Department of History

Women's History Month: Rebecca Nedostup

Rebecca Nedostup is an Associate Professor of History and East Asian Studies. In this spotlight, she discusses what Women's History Month means to her and her research.

"A concept that has been occupying my mind in recent years is ‘care’. It resonates particularly strongly when thinking about women’s and gender history, and the work of women, gender non-conforming, and queer people who write history. By ‘care’ I am thinking of emotion, attention, and time for others as well as physical caretaking, and how it works within social, cultural, and political networks.

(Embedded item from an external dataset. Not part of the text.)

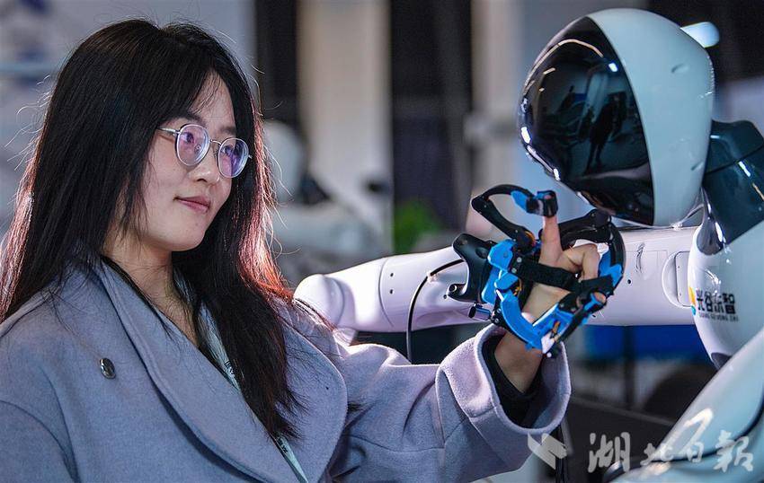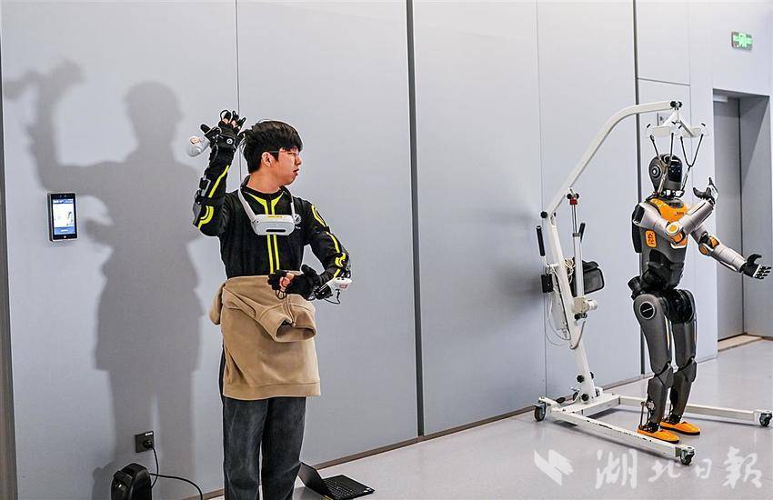 12月24日,湖北人形机器人创新中心,机器人训练师戴着外骨骼手套在工作。

The pandemic brought renewed attention to how the work of care skews disproportionately along lines of gender, race, sexuality, and class in the medical sphere, but such dynamics are also well documented for other industries, especially academia. 

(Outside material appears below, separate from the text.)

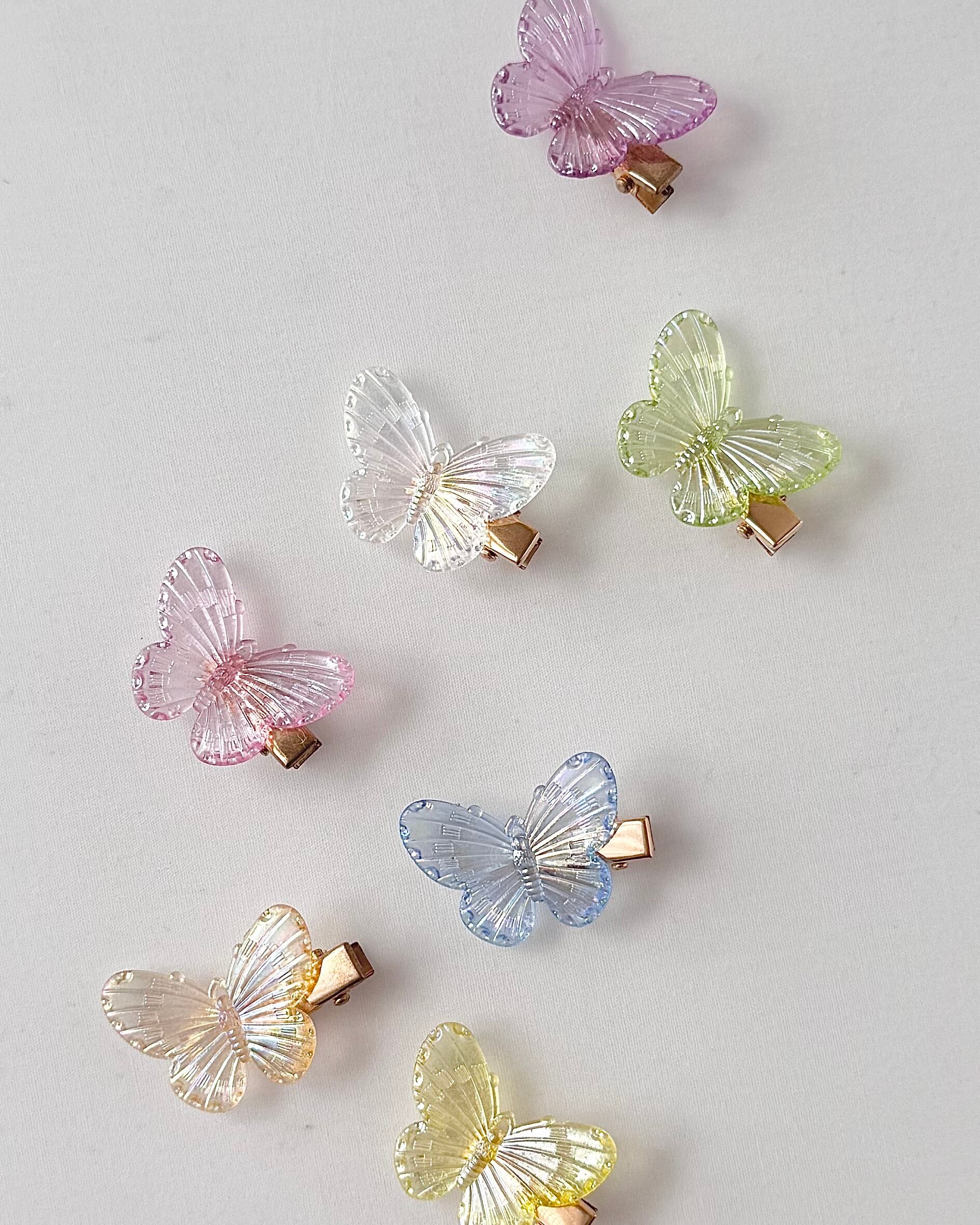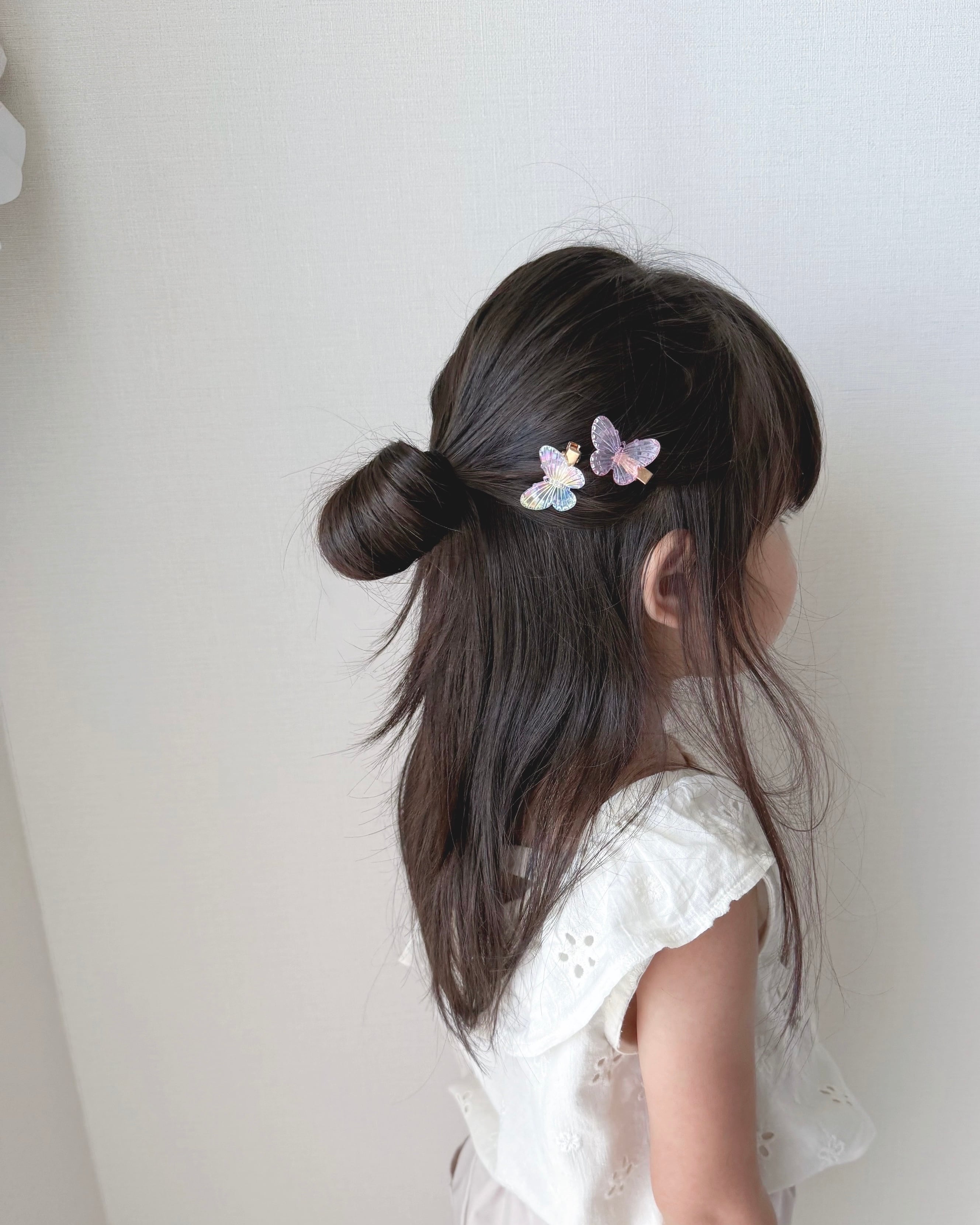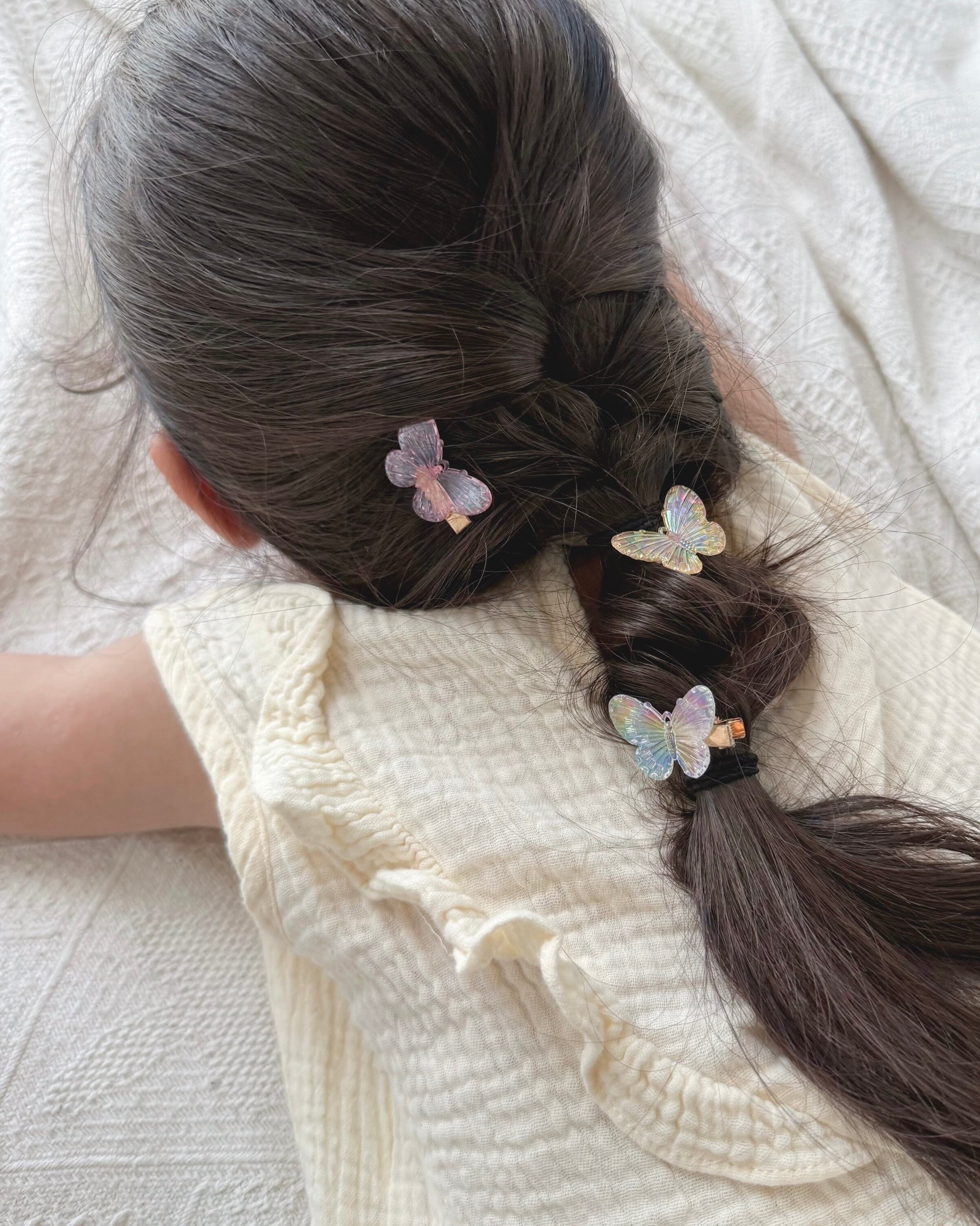 角度によってオーロラに輝くちょうちょのヘアクリップ です。

While continuing to reflect on how such phenomena operate in my own working world, I have been deeply influenced by scholarship that reveals networks of care in history and argues for their importance in making the world work. Among the examples that have resonated with me are the preservation of ethnic histories and the experiences of displacement by women textile artists and storytellers in Southeast Asian refugee communities, and the intersections of queer and feminist organizations for both physical caretaking and political activism during the ACT UP era in the United States. Such examples have influenced the way I approach my research on wartime displacement and community formation in mid twentieth century China and Taiwan. They have prompted me to analyze how both gender and age shaped the experience and dangers of displacement. I have also begun to think seriously about how wartime could both reinforce heteropatriarchal social and political structures and disrupt them. While the Nationalist and later the Communists took refuge in reinforcing the family-state analogy via the commemoration of wartime and revolutionary martyrs, displaced persons formed networks of work colleagues and ‘fellowships of the road’—kinds of found family—as well as hometown and military connections as a means of exercising care in a time of frequent separation within the biological family. The experiences and identities of women began to appear more frequently in lineage genealogies after the war. Gender dynamics also continue to shape the work of care as expressed in mourning, and when, where, and how that work took place. More broadly and lastingly, my experience of writing and teaching continue to be shaped by conversations with colleagues and students in History and across Brown about the ethics of care in research, and the responsibilities we hold as storytellers and after the fact companions of those we write and speak about."